§ **About this exercise**: From the first line to the last, print the records exactly, leaving out the pictures.

§ **Records from a data collection**:

----

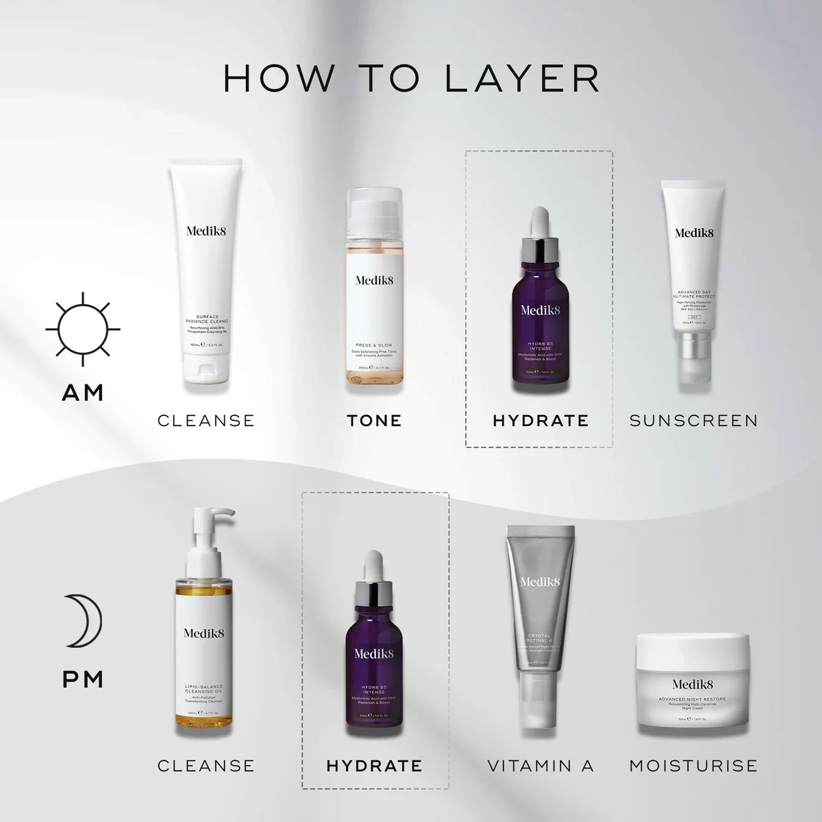 Medik8 Hydr8 B5 Serum is a lightweight, intensely hydrating facial serum designed to promote a plump, smooth and supple-looking complexion. Powered by Medik8’s signature hyaluronic acid technology, the formula delivers deep, long-lasting moisture to help minimise the look and feel of dryness without clogging pores.
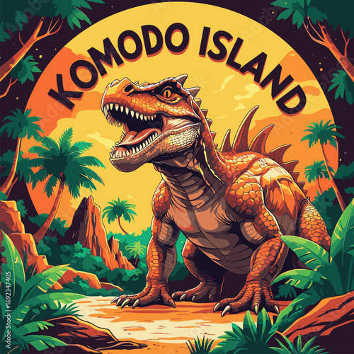 Komodo dragon brown tongue out walking position
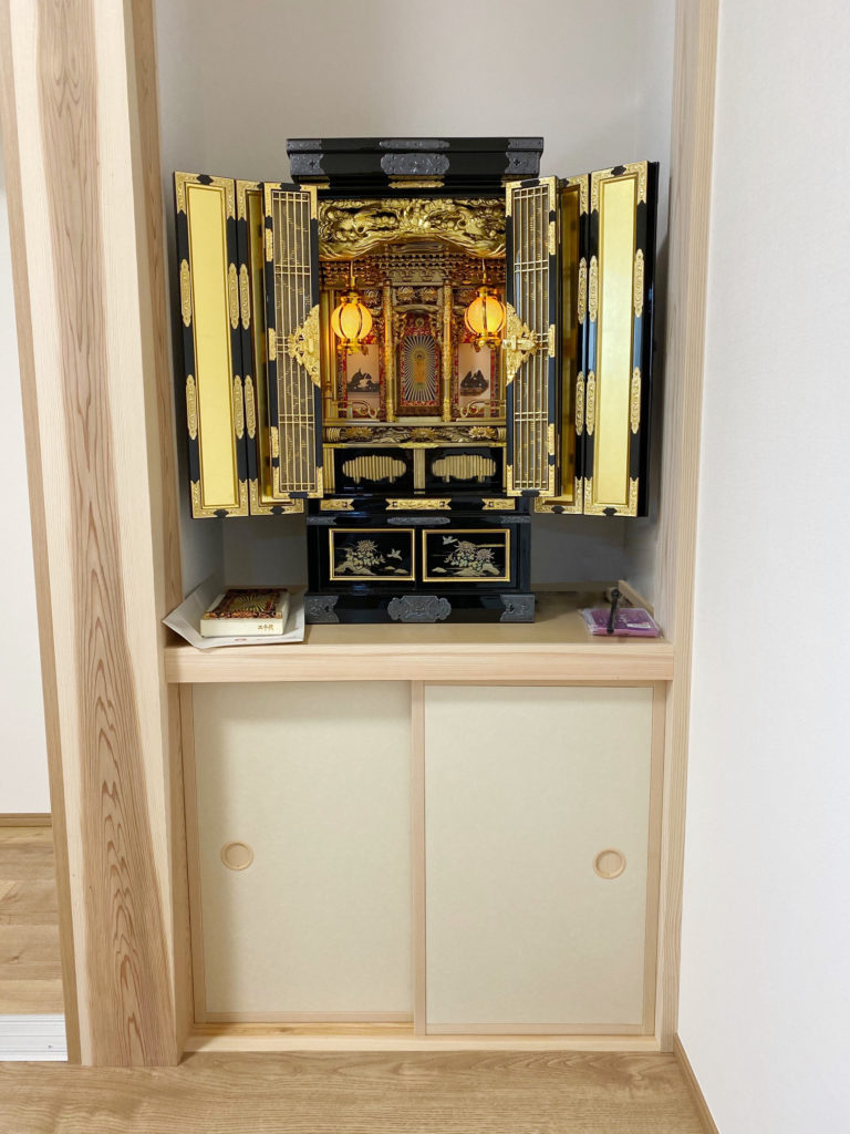 今回はご縁をいただき、ありがとうございました。とても楽しみにされていました。仕上がったお仏壇を、工場からお店に届いた時点で嬉しそうに写真を撮られるお姿が印象的でした。新築のお宅の引き渡しの当日に、何よりもまずお仏壇を入れさせていただきました。
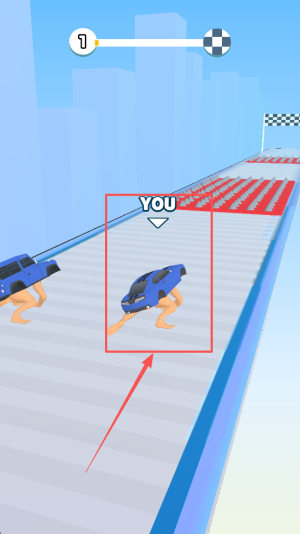 1、开启闯关准备:熟悉背负汽车壳的操控逻辑,明确“突破障碍、率先冲线”的核心目标,了解赛道规则。
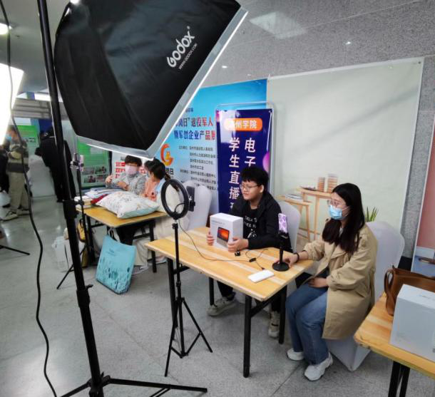 我校数字经济产业学院受邀参加本场招聘会,电子商务产业学生分别对华纺股份有限公司有关产品、京东平台电子产品展开现场直播。
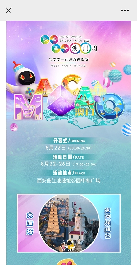 A DST criou uma página temática para a “Semana de Macau em Xi’an•Shaanxi” (https://www.macaotourism.gov.mo/en/article/promotion/macao-week-in-shaanxi-xian-2024). O público é convidado a visitar a página temática e a seguir as contas oficiais da DST no WeChat, Weibo, Xiaohongshu e Douyin para obter mais informações sobre as actividades da “Semana de Macau em Xi’an•Shaanxi”.
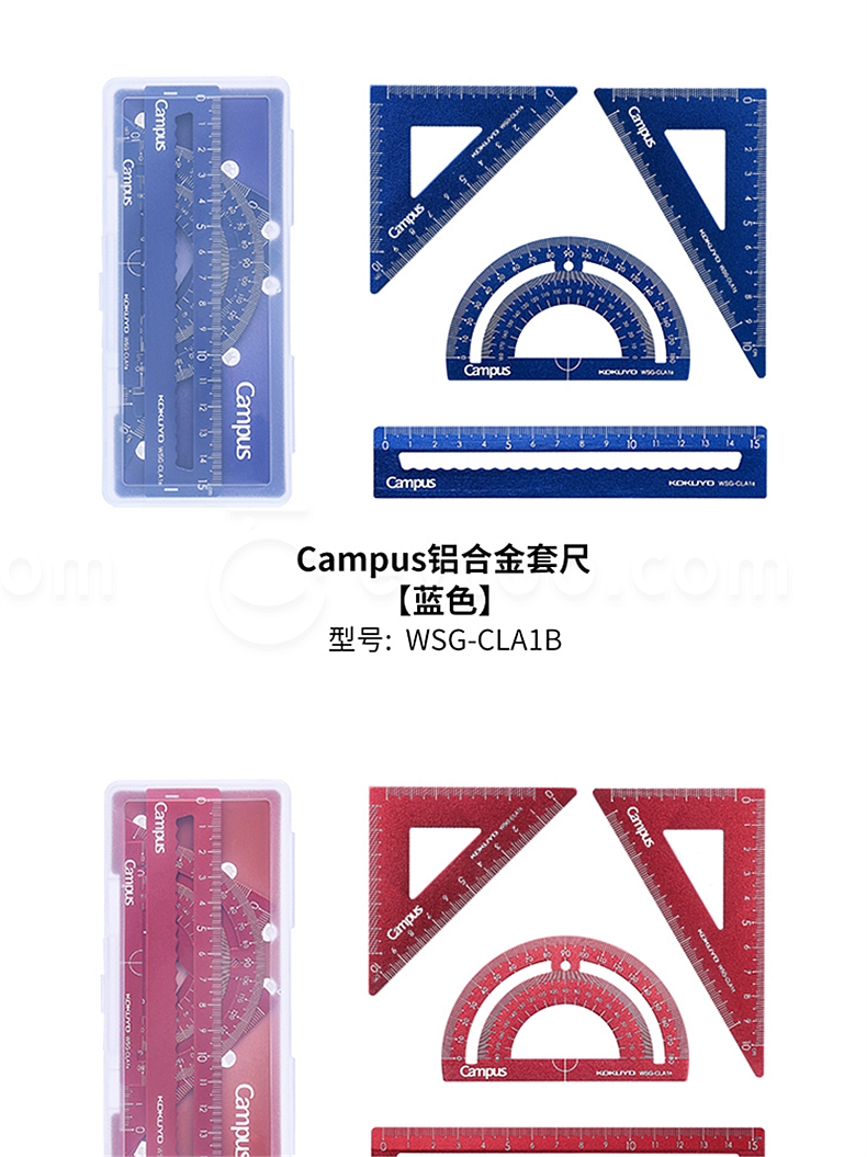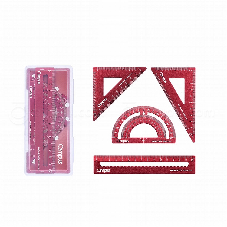 国誉 Campus铝合金套尺(直尺+三角尺+量角器) (红色) WSG-CLA1R
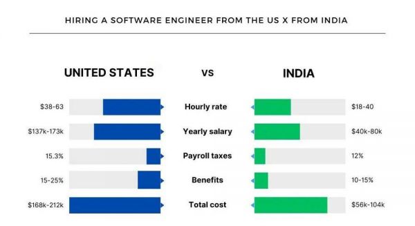 区域间发展是不平衡的,不同区域的生存成本差异巨大。在生活成本较低的区域的工作者,对于薪资要求不会像生活在较高生活成本地区的工作者那么高,这就形成了人力资源价值中的“价格洼地”,企业得以雇佣这些生活在低生活成本区域的员工,从而减少成本。相较于直接雇佣一位美国本地的软件工程师,美国的科技公司雇佣来自印度的软件开发工程师能节省将近70% 的人力成本。
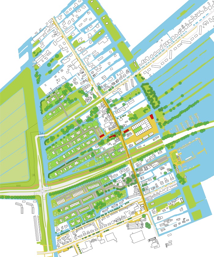 In dit centrum is volgens Leschot ruimte voor de bestaande Albert Heijn aan de Herenweg, diverse winkels en horecagelegenheden. “Met terrassen aan het water, zodat mensen aan de plassen kunnen recreëren”, schetst de projectontwikkelaar de plannen. “Onder het nieuwe centrum komt ruimte voor ongeveer driehonderd parkeerplekken.” Verder is het de bedoeling dat het aangrenzende dijkgebied ook wordt benut voor recreatie. “Met een bruggetje kunnen we het recreatiegebied verbinden met de dijken, waar mensen dan ook kunnen genieten van de plassen.”

----

§ **Expected answer**:
 Medik8 Hydr8 B5 Serum is a lightweight, intensely hydrating facial serum designed to promote a plump, smooth and supple-looking complexion. Powered by Medik8’s signature hyaluronic acid technology, the formula delivers deep, long-lasting moisture to help minimise the look and feel of dryness without clogging pores.
 Komodo dragon brown tongue out walking position
 今回はご縁をいただき、ありがとうございました。とても楽しみにされていました。仕上がったお仏壇を、工場からお店に届いた時点で嬉しそうに写真を撮られるお姿が印象的でした。新築のお宅の引き渡しの当日に、何よりもまずお仏壇を入れさせていただきました。
 1、开启闯关准备:熟悉背负汽车壳的操控逻辑,明确“突破障碍、率先冲线”的核心目标,了解赛道规则。
 我校数字经济产业学院受邀参加本场招聘会,电子商务产业学生分别对华纺股份有限公司有关产品、京东平台电子产品展开现场直播。
 A DST criou uma página temática para a “Semana de Macau em Xi’an•Shaanxi” (https://www.macaotourism.gov.mo/en/article/promotion/macao-week-in-shaanxi-xian-2024). O público é convidado a visitar a página temática e a seguir as contas oficiais da DST no WeChat, Weibo, Xiaohongshu e Douyin para obter mais informações sobre as actividades da “Semana de Macau em Xi’an•Shaanxi”.
 国誉 Campus铝合金套尺(直尺+三角尺+量角器) (红色) WSG-CLA1R
 区域间发展是不平衡的,不同区域的生存成本差异巨大。在生活成本较低的区域的工作者,对于薪资要求不会像生活在较高生活成本地区的工作者那么高,这就形成了人力资源价值中的“价格洼地”,企业得以雇佣这些生活在低生活成本区域的员工,从而减少成本。相较于直接雇佣一位美国本地的软件工程师,美国的科技公司雇佣来自印度的软件开发工程师能节省将近70% 的人力成本。
 In dit centrum is volgens Leschot ruimte voor de bestaande Albert Heijn aan de Herenweg, diverse winkels en horecagelegenheden. “Met terrassen aan het water, zodat mensen aan de plassen kunnen recreëren”, schetst de projectontwikkelaar de plannen. “Onder het nieuwe centrum komt ruimte voor ongeveer driehonderd parkeerplekken.” Verder is het de bedoeling dat het aangrenzende dijkgebied ook wordt benut voor recreatie. “Met een bruggetje kunnen we het recreatiegebied verbinden met de dijken, waar mensen dan ook kunnen genieten van de plassen.”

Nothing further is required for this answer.